On Thursday, January 13, a helicopter departed Port-au-Prince with materials and a crew. But the mission failed. The GPS coordinates were incorrect. The crew landed twice to ask for directions but without success. They flew back to Port-au-Prince disappointed. An areal photo shows how mountainous the area is.  The next day, AMI was able to send a local person who went by foot to the community to get precise GPS coordinates.

With the help of the local Scout troop, a 10-bed treatment unit was set up on Saturday night by the team of water and sanitation experts and AMI epidemiologist Dr. Luis Manuel Rosa Sosa. They also built a meeting tent. At 6:30 in the morning, patients began to arrive. By 9:00 a.m., 15 had been seen by  Dr. Rosa Sosa before the helicopter with the medical crew had even arrived.

“There were so many. The first thing I did was triage who were the most severe cases. There were many people who were sick, but not all with cholera,” says Dr. Rosa Sosa.  Once the medical team arrived,  he was able to start his epidemiological work and headed into nearby communities to get a sense of the spread of the epidemic. “There were people ill with many other types of diseases, people with malnutrition. You feel almost impotent facing the scale of the problem,” he says.

The Haitian medical team that AMI assembled, consisting of a doctor and four nurses, will be relieved every five days because of the extreme pressures of the work.

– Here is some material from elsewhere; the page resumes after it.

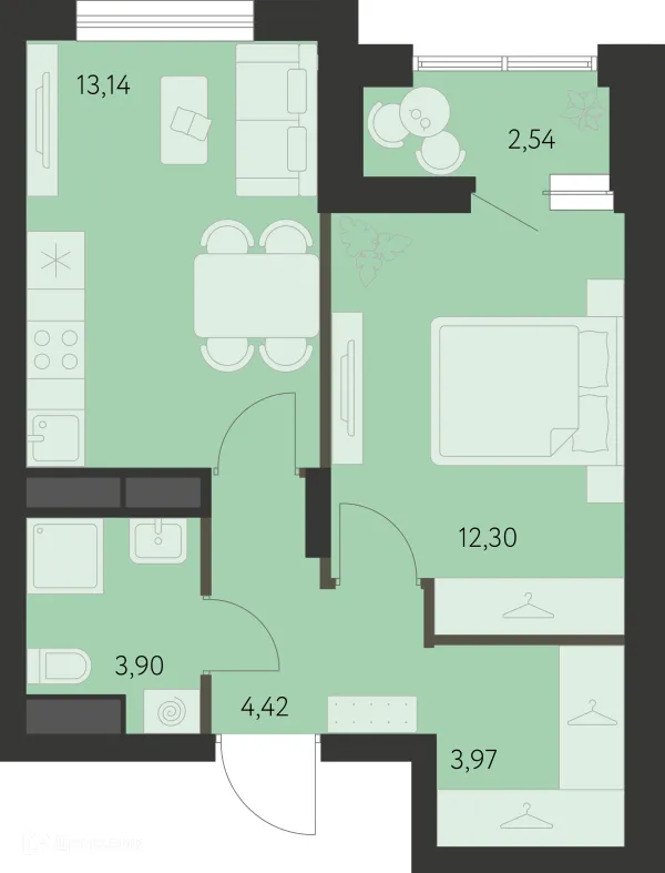1 комн. квартира в Екатеринбурге в ипотеку от 42 514 руб/месяц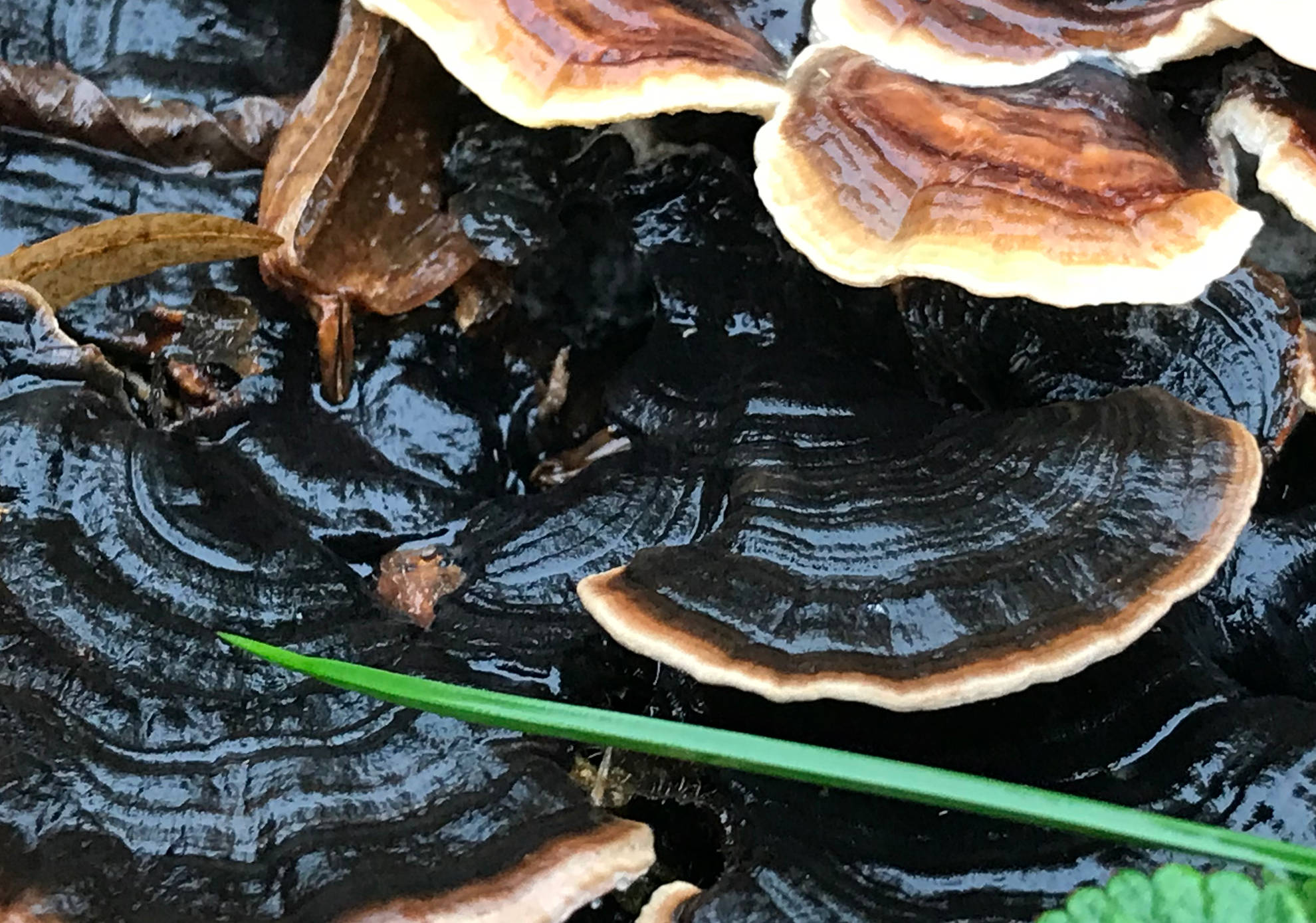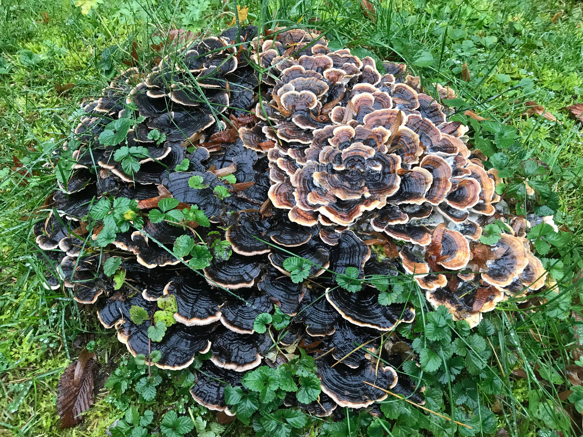 Jetzt wachsen dort diese wunderschönen Pilze draus ... wie es scheint nach grober Recherche sind das Schmetterlings-Trameten - oder?

Patients from that first day included a 9-year-old boy whose mother said he had been sick for four days with vomiting and diarrhea.

Responses to other alerts are not always as dramatic. Often the solution is to set up oral rehydration points or to replenish exhausted supplies and materials.

Oupac’s field clinic will stay in place at least through the end of January. On average, the team must care for six admitted patients at a given time. During the week of January 16-23, they had three deaths, one of whom was  the older man seen in these photos.